Oil Theft: HURIWA Calls For Disbandment Of Nigerian Navy

Oil Theft: HURIWA Calls For Disbandment Of Nigerian Navy

The Human Rights Writers Association of Nigeria (HURIWA) declared on Tuesday that the Nigerian Navy needs to be reorganised and unbundled since it has failed to fulfil its constitutional duties of guarding the country's maritime borders and apprehending oil thieves.

In a statement, HURIWA's National Coordinator, Emmanuel Onwubiko, demanded that Vice Admiral Awwal Zubairu Gambo, the Chief of Naval Staff, be fired for his ongoing inability to control the multibillion-dollar oil theft trade taking place in the Niger Delta and other oil-producing regions.

The group criticised the Federal Government for awarding a pipeline surveillance contract to Government Ekpemepulo, also known as Tompolo, a former militant leader, after realising the Navy's failure.

The Nigerian Navy recently defended the Nigerian National Petroleum Company Limited in response to "insincere and exaggerated oil theft figures," which prompted HURIWA's remarks.

A spokesperson of the Navy claimed that the NNPC continues to purposefully mislead Nigerians about the issue of crude oil theft while testifying before the Senate Committee on Economic and Financial Crimes.

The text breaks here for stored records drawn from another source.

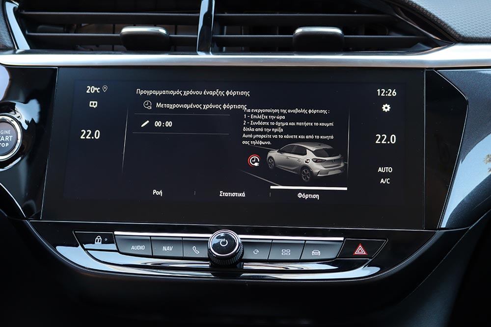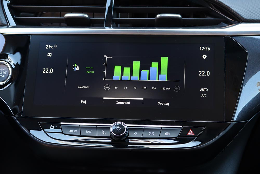 Εκεί που πρέπει να σταθούμε λίγο παραπάνω όμως είναι η δουλειά που έχει κάνει η Opel στο στήσιμο του αυτοκινήτου. Αρχικά το Corsa-e βασίζεται στην αρθρωτή πλατφόρμα Common Modular Platform (CMP) του ομίλου PSA, διαθέτει ένα ενισχυμένο και πιο άκαμπτο μπροστινό υποπλαίσιο, με το κέντρο βάρους να έχει χαμηλώσει κατά 60 χλστ. Επιπλέον η κρεμαγιέρα έχει σεταριστεί διαφορετικά, ενώ η ανάρτηση έσφιξε ελαφρώς για να μπορέσει να διαχειριστεί καλύτερα τα επιπλέον 345 κιλά της μπαταρίας. Κάτι που έχει σημαντικό αντίκτυπο όταν το Corsa-e πρέπει να περάσει πάνω από εγκάρσιες ανωμαλίες του οδοστρώματος. Όμως προσφέρει άφθονη πρόσφυση ακόμα και σε έντονους ρυθμούς οδήγησης, όπου εκεί θα εκτιμήσετε και την πολύ καλή πληροφόρηση από το τιμόνι. Κακά τα ψέματα, όμως το Corsa-e δεν φτιάχτηκε για κυνήγι του χρονομέτρου, αλλά για άνετες κι οικολογικές μετακινήσεις. Πεδίο δόξης λαμπρό το αστικό περιβάλλον, αλλά δεν θα πει όχι αν πρέπει να ταξιδέψει κι έξω από αυτό. Με λογική χρήση του δεξιού πεντάλ, η μέση κατανάλωση μπορεί να διατηρηθεί χαμηλά, (εμείς είδαμε 17,8 kWh/100 χλμ. στο trip computer, με την Opel να ανακοινώνει 16,5 kWh/ 100 χλμ.) κι έτσι να μην αναγκάζεστε να «πριζώνετε» συχνά το Corsa-e.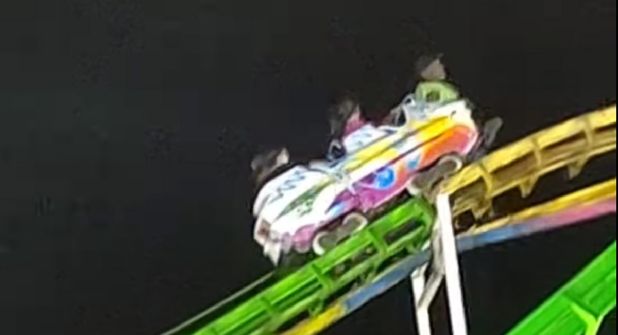 Un usuario de Facebook Identificado como Markitos Perez compartió un video donde se ve el momento en el que, con ayuda de una grúa, un sujeto sube a la estructura de la montaña rusa para arreglar la falla.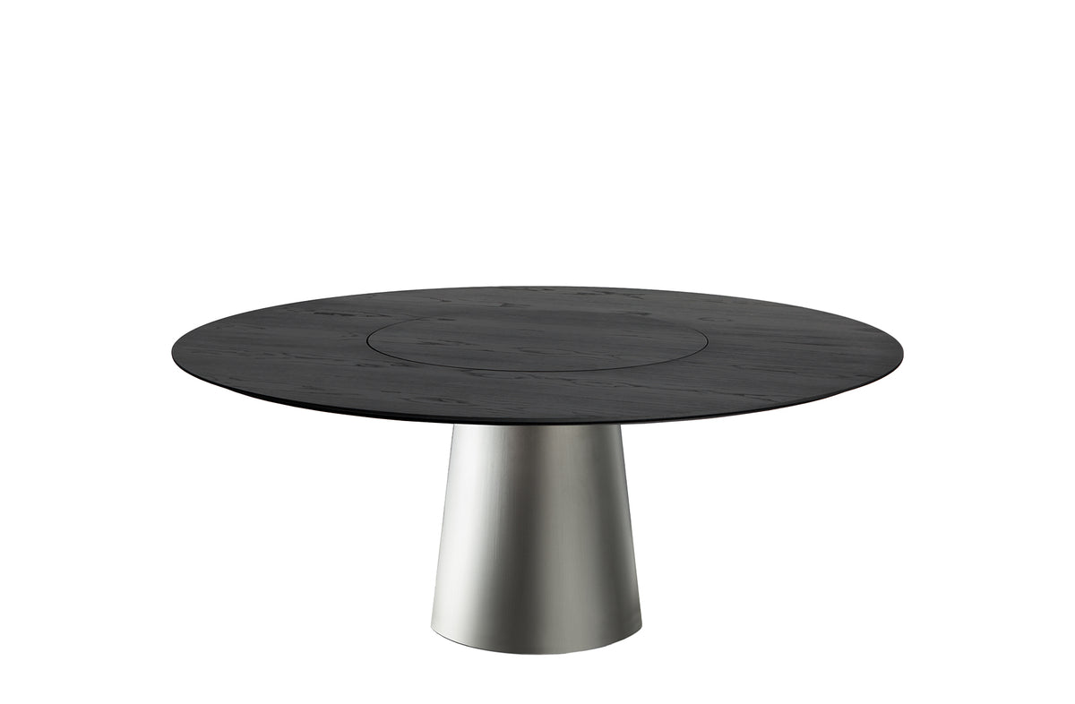 The Materic table, designed by Piero Lissoni, is a sculptural object where the absolute simplicity of design is juxtaposed to the sophistication of materials and workmanships. Materic features a round and tapered table top, laying on a truncated cone as a base and it’s available in 2 version: top in marble with wooden base and wooden top with metal base.

However, the Navy asserted in a later statement that the media entirely misrepresented what happened during a recent interactive hearing before the Senate Committee on Economic and Financial Crimes.

The Navy further asserted that it is not charging the NNPC and that it has been collaborating with the firm since 1 April 2022, when Operation DAKATAR DA BARAWO (OPDDB) was introduced in Onne, Rivers State, to combat the threat of crude oil theft.

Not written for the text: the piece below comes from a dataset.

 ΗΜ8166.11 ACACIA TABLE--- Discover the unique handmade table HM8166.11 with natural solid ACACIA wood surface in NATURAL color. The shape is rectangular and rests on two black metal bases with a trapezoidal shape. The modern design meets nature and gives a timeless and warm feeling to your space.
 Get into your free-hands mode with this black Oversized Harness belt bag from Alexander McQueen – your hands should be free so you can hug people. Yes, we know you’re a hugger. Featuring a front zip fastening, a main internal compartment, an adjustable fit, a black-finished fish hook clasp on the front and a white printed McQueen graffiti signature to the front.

The Nigerian Navy's defence of its failure to stop oil theft, illegal artisan refineries, and illegal oil bunkering in the creek, among other criminalities, is embarrassing and shameful, to put it mildly, according to HURIWA's Onwubiko.

“The 1999 Constitution, the Armed Forces Act CAP A20 and the National Defence Policy 2006 empowered the Nigerian Navy with the defence of the nation’s maritime borders and general security on the water.

“But the Navy has failed woefully to nab oil thieves. The Navy should cover her face in shame that in a sovereign nation, her statutory role has been assigned to Tompolo’s private company which has uncovered scores of oil bunkering activities in the last three months including stadium-huge vessels used for oil theft which the Navy immediately burnt to cover tracks.

“Nigerians are not fooled. It is a known fact that there is a complicity between security agents, especially naval officers, government officials and oil thieves.

“Or how can one explain the smooth operations of oil thieves in the creeks for over a decade and the burning of one of the apprehended vessels by the Navy?

"The Navy must definitely know the cartel stealing Nigeria’s fortunes. The NNPC has failed and has no business in the creeks.

“The Nigerian Navy’s hierarchy needs comprehensive unbundling. Sadly, due to nepotism, President Muhammadu Buhari refused to fire the Chief of Naval Staff, Vice Admiral Awwal Zubairu Gambo for the failure of leadership in identifying those in the Navy aiding and abetting crude oil thefts even when the President himself is the petroleum minister.

“Buhari should be more interested in finding and punishing these oil thieves or else in the near future, he will face justice for failing to deploy state powers to catch the crude oil thieves.”